§ **What is required**: Copy every entry exactly as it reads and exclude whatever pictures appear.

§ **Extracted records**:
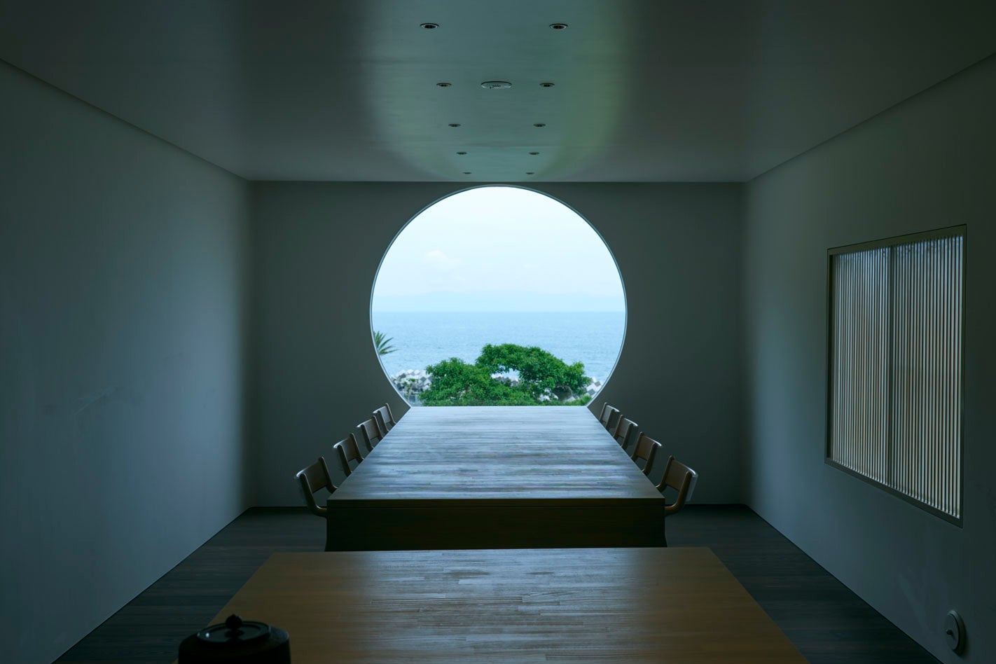 新たな『石上』の顔ともいえる、満月のダイニングは昼と夜でその表情を変えます。昼は海に反射する太陽の光が駿河湾の美しさを際立たせます。夜は「月をお迎えする」ように、駿河湾に浮かぶ月をのぞみ、時によって月光が織りなすムーンロードもお楽しみいただけます。白を基調としたダイニングテーブルに座りお召し上がりいただくお食事は、他の宿にはない唯一無二の『石上』の価値だと考えています。
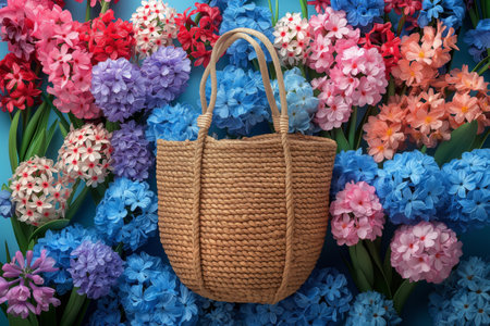 Beautiful straw bag with seasonal purple flowers of hyacinth and carnation blossom. Generative AI
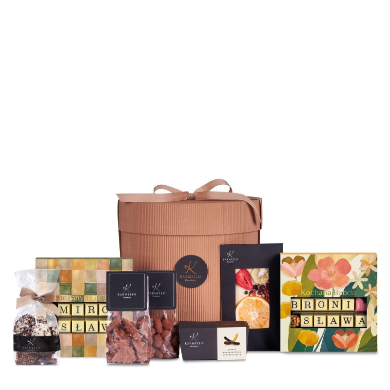 Podaruj Babci i Dziadkowi prawdziwą ucztę słodkości zamkniętą w eleganckim kapeluszniku Karmello. ?
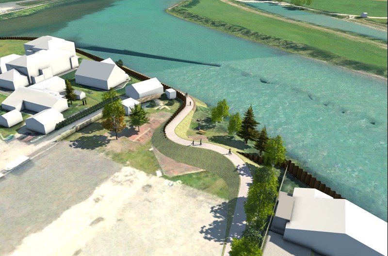 Visualiering av flomsikring langs Ottaelva. Foto: NVE / Norconsult
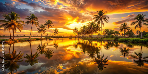 tranquil lagoon reflects stunning golden hour, surrounded by palm trees and vibrant skies. serene atmosphere evokes sense of peace and beauty in nature
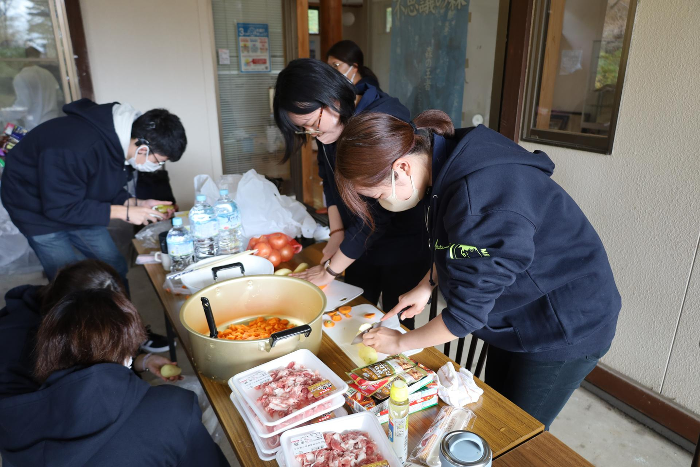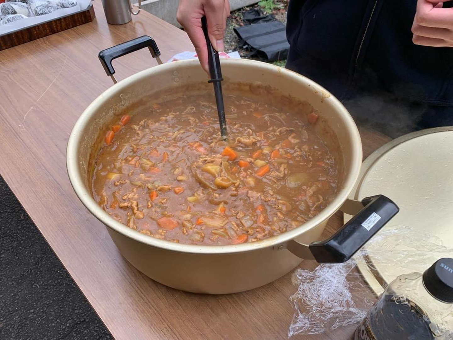 「鍋を作るゾ!」の各チームが作った鍋は、鳥塩なべ、カレー、豚汁の3つです。みんな協力してそれぞれの鍋を作っていました。
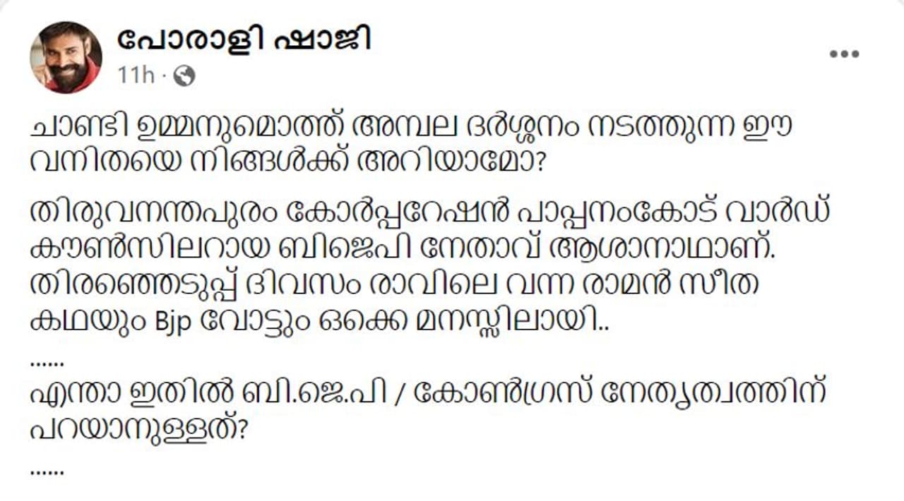 'ചാണ്ടി ഉമ്മനുമൊത്ത് അമ്പല ദർശനം നടത്തുന്ന ഈ വനിതയെ നിങ്ങൾക്ക് അറിയാമോ? തിരുവനന്തപുരം കോർപ്പറേഷൻ പാപ്പനംകോട് വാർഡ് കൗൺസിലറായ ബിജെപി നേതാവ് ആശാനാഥാണ്. തെരഞ്ഞെടുപ്പ് ദിവസം രാവിലെ വന്ന രാമൻ സീത കഥയും BJP വോട്ടും ഒക്കെ മനസിലായി. എന്താ ഇതിൽ ബി.ജെ.പി/ കോൺഗ്രസ് നേതൃത്വത്തിന് പറയാനുള്ളത്?'- ഇതാണ് ഫേസ്ബുക്കിലൂടെ പോരാളി ഷാജിയുടെ ചോദ്യം. സമാനമായ നിരവധി പോസ്റ്റുകൾ ഫേസ്ബുക്കിൽ കാണാം.
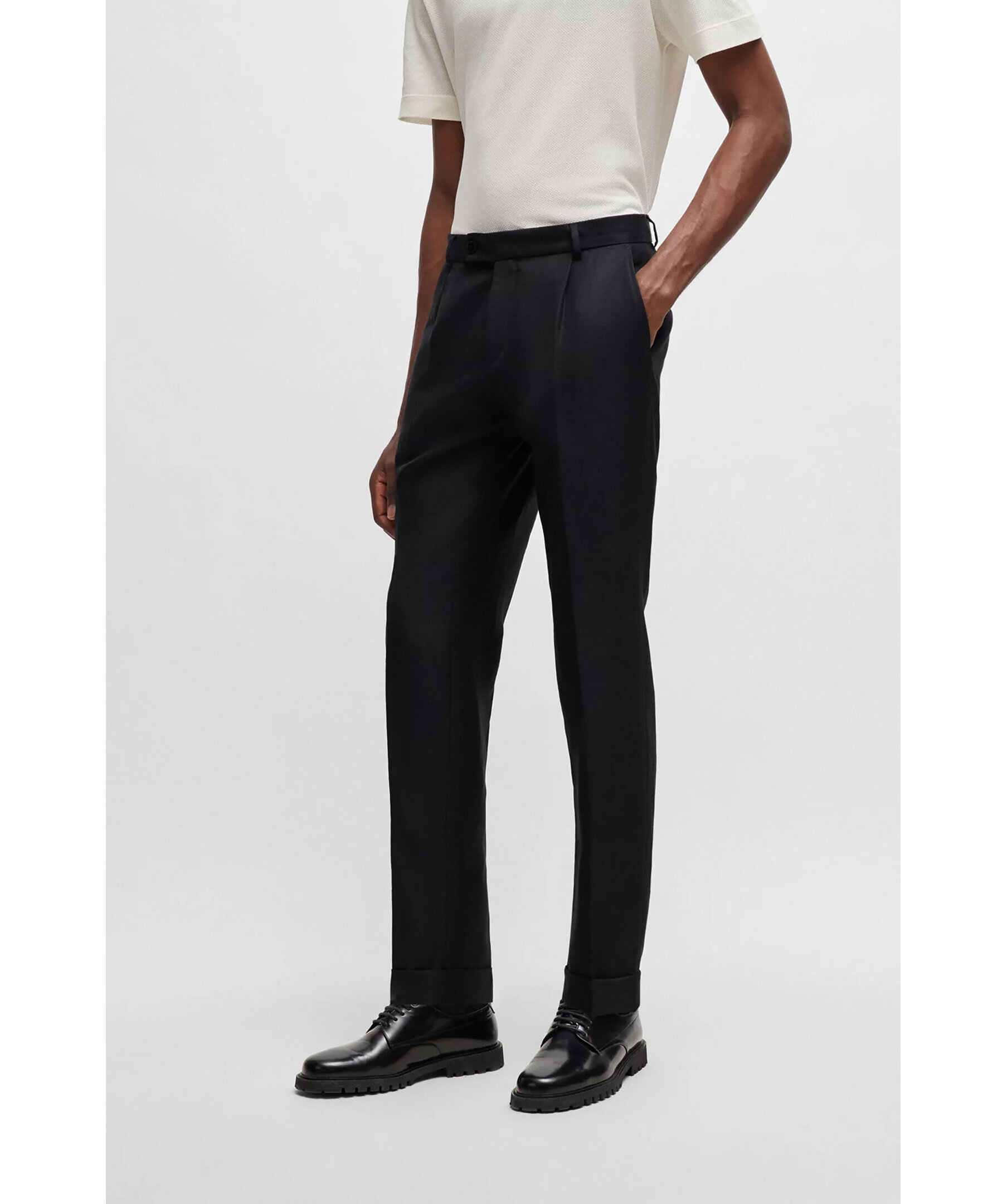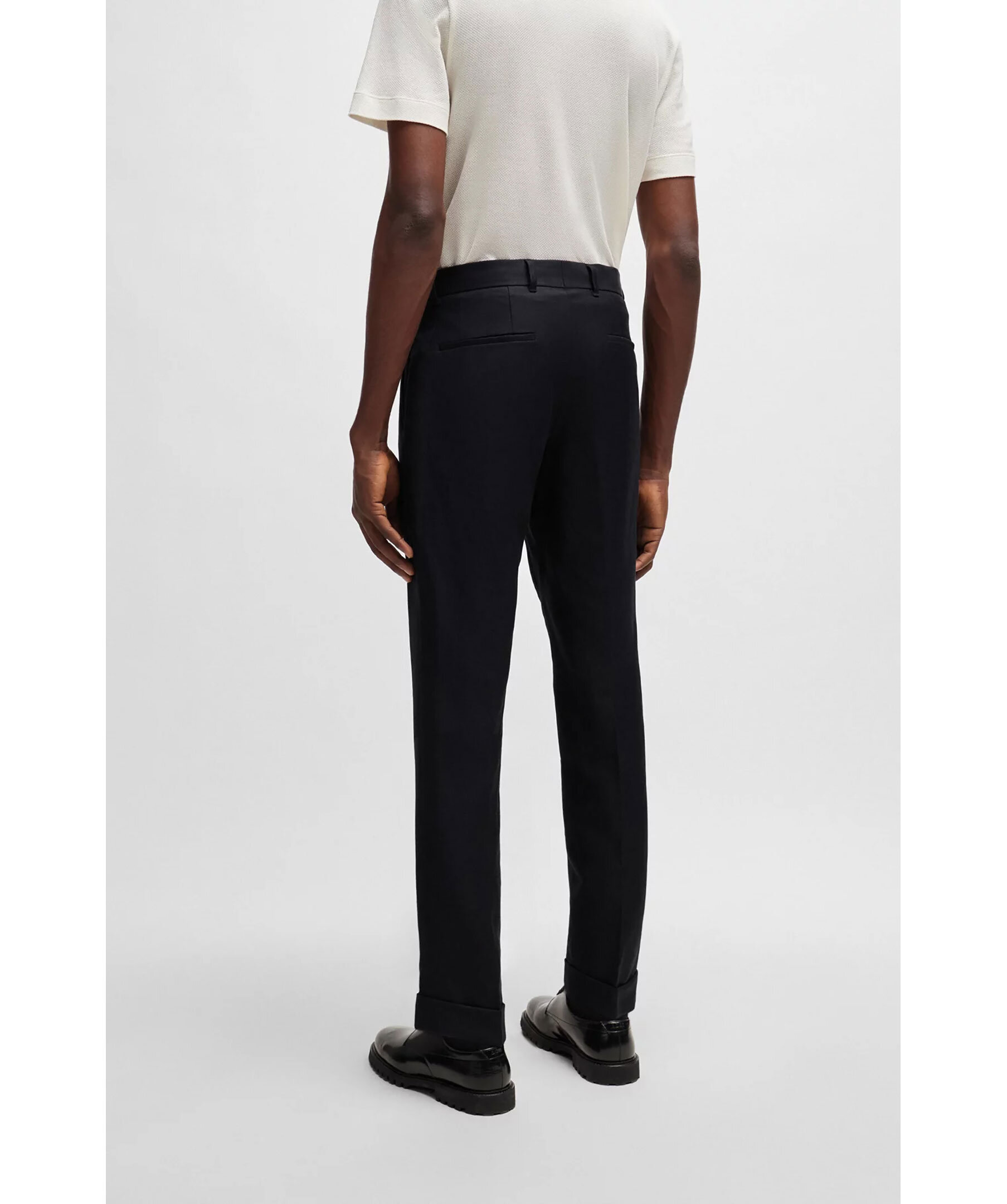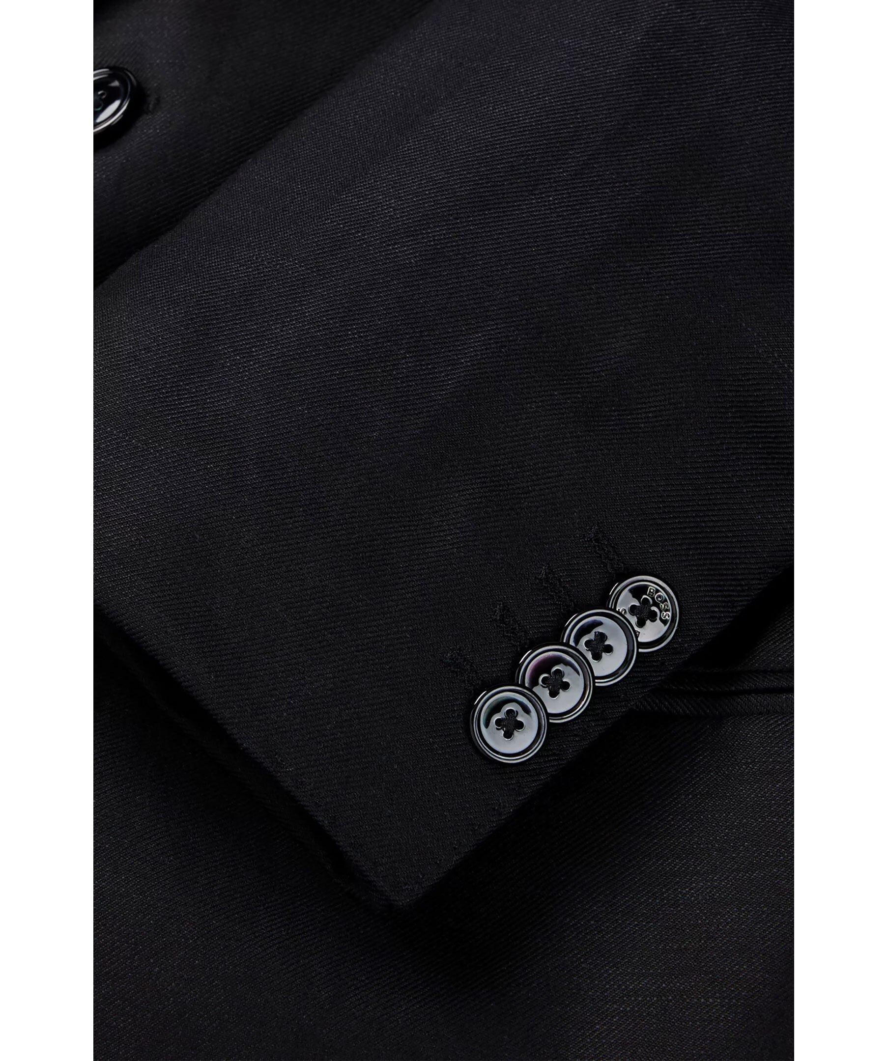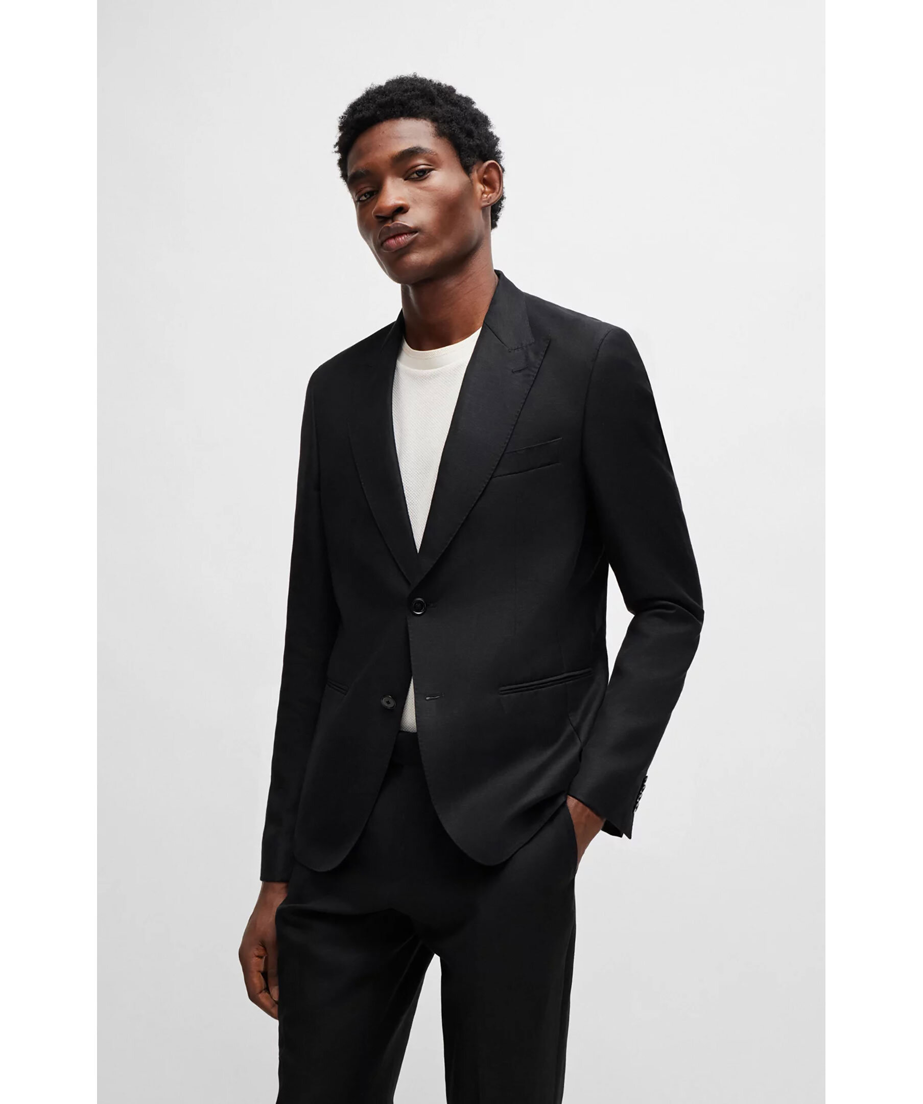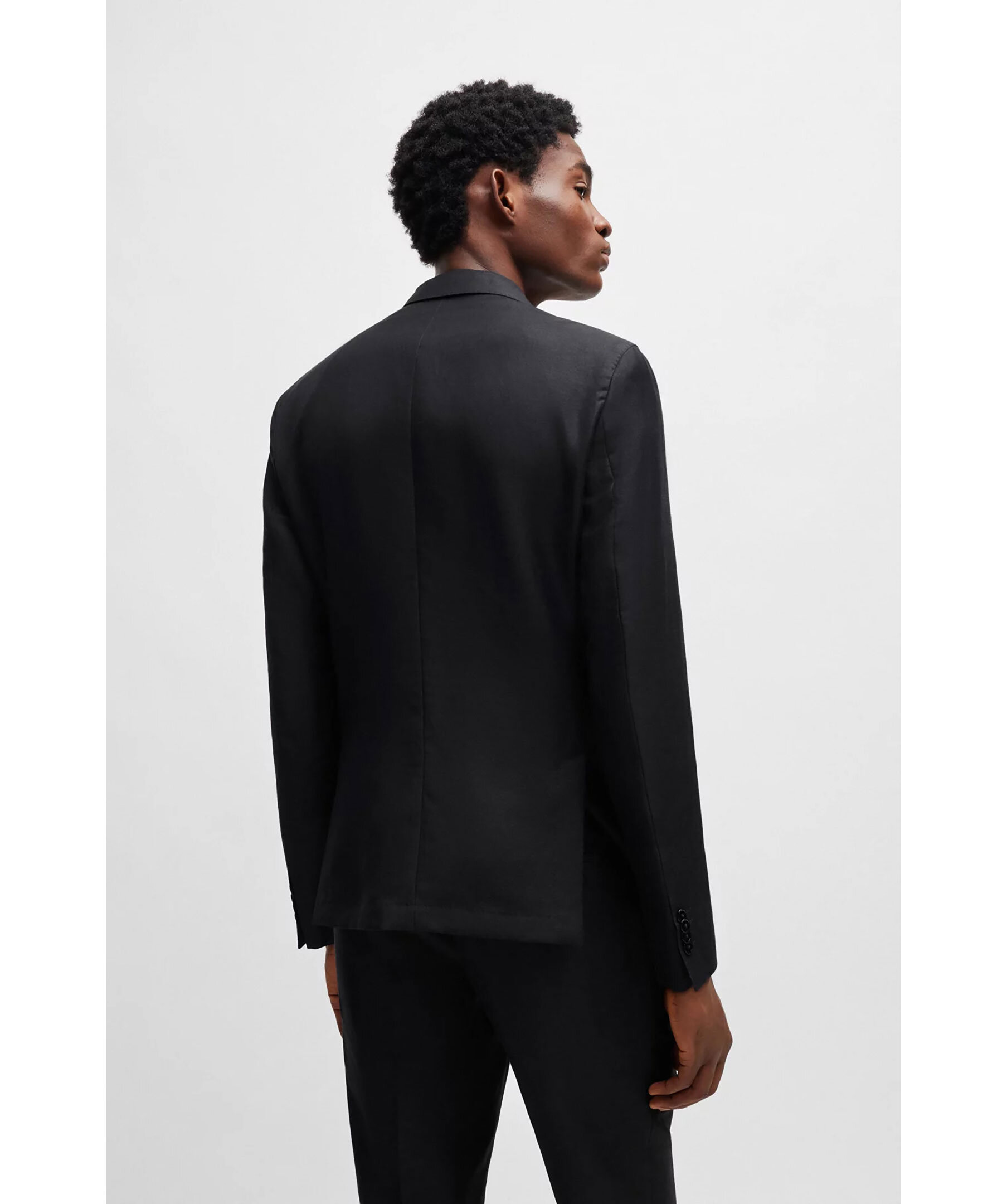 Svart kostym från BOSS. Kavajen har spetsiga kavajslag, enkelknäppt, två passpoalfickor samt en welt-bröstficka och överlappande knappar på manschetten. Byxorna har bälteshällor i midjan, pressveck framtill, två sidfickor samt två passpoal bakfickor. Tillverkade i en linne- och ullblandning.

§ **Exercise solution**:
 新たな『石上』の顔ともいえる、満月のダイニングは昼と夜でその表情を変えます。昼は海に反射する太陽の光が駿河湾の美しさを際立たせます。夜は「月をお迎えする」ように、駿河湾に浮かぶ月をのぞみ、時によって月光が織りなすムーンロードもお楽しみいただけます。白を基調としたダイニングテーブルに座りお召し上がりいただくお食事は、他の宿にはない唯一無二の『石上』の価値だと考えています。
 Beautiful straw bag with seasonal purple flowers of hyacinth and carnation blossom. Generative AI
 Podaruj Babci i Dziadkowi prawdziwą ucztę słodkości zamkniętą w eleganckim kapeluszniku Karmello. ?
 Visualiering av flomsikring langs Ottaelva. Foto: NVE / Norconsult
 tranquil lagoon reflects stunning golden hour, surrounded by palm trees and vibrant skies. serene atmosphere evokes sense of peace and beauty in nature
 「鍋を作るゾ!」の各チームが作った鍋は、鳥塩なべ、カレー、豚汁の3つです。みんな協力してそれぞれの鍋を作っていました。
 'ചാണ്ടി ഉമ്മനുമൊത്ത് അമ്പല ദർശനം നടത്തുന്ന ഈ വനിതയെ നിങ്ങൾക്ക് അറിയാമോ? തിരുവനന്തപുരം കോർപ്പറേഷൻ പാപ്പനംകോട് വാർഡ് കൗൺസിലറായ ബിജെപി നേതാവ് ആശാനാഥാണ്. തെരഞ്ഞെടുപ്പ് ദിവസം രാവിലെ വന്ന രാമൻ സീത കഥയും BJP വോട്ടും ഒക്കെ മനസിലായി. എന്താ ഇതിൽ ബി.ജെ.പി/ കോൺഗ്രസ് നേതൃത്വത്തിന് പറയാനുള്ളത്?'- ഇതാണ് ഫേസ്ബുക്കിലൂടെ പോരാളി ഷാജിയുടെ ചോദ്യം. സമാനമായ നിരവധി പോസ്റ്റുകൾ ഫേസ്ബുക്കിൽ കാണാം.
 Svart kostym från BOSS. Kavajen har spetsiga kavajslag, enkelknäppt, två passpoalfickor samt en welt-bröstficka och överlappande knappar på manschetten. Byxorna har bälteshällor i midjan, pressveck framtill, två sidfickor samt två passpoal bakfickor. Tillverkade i en linne- och ullblandning.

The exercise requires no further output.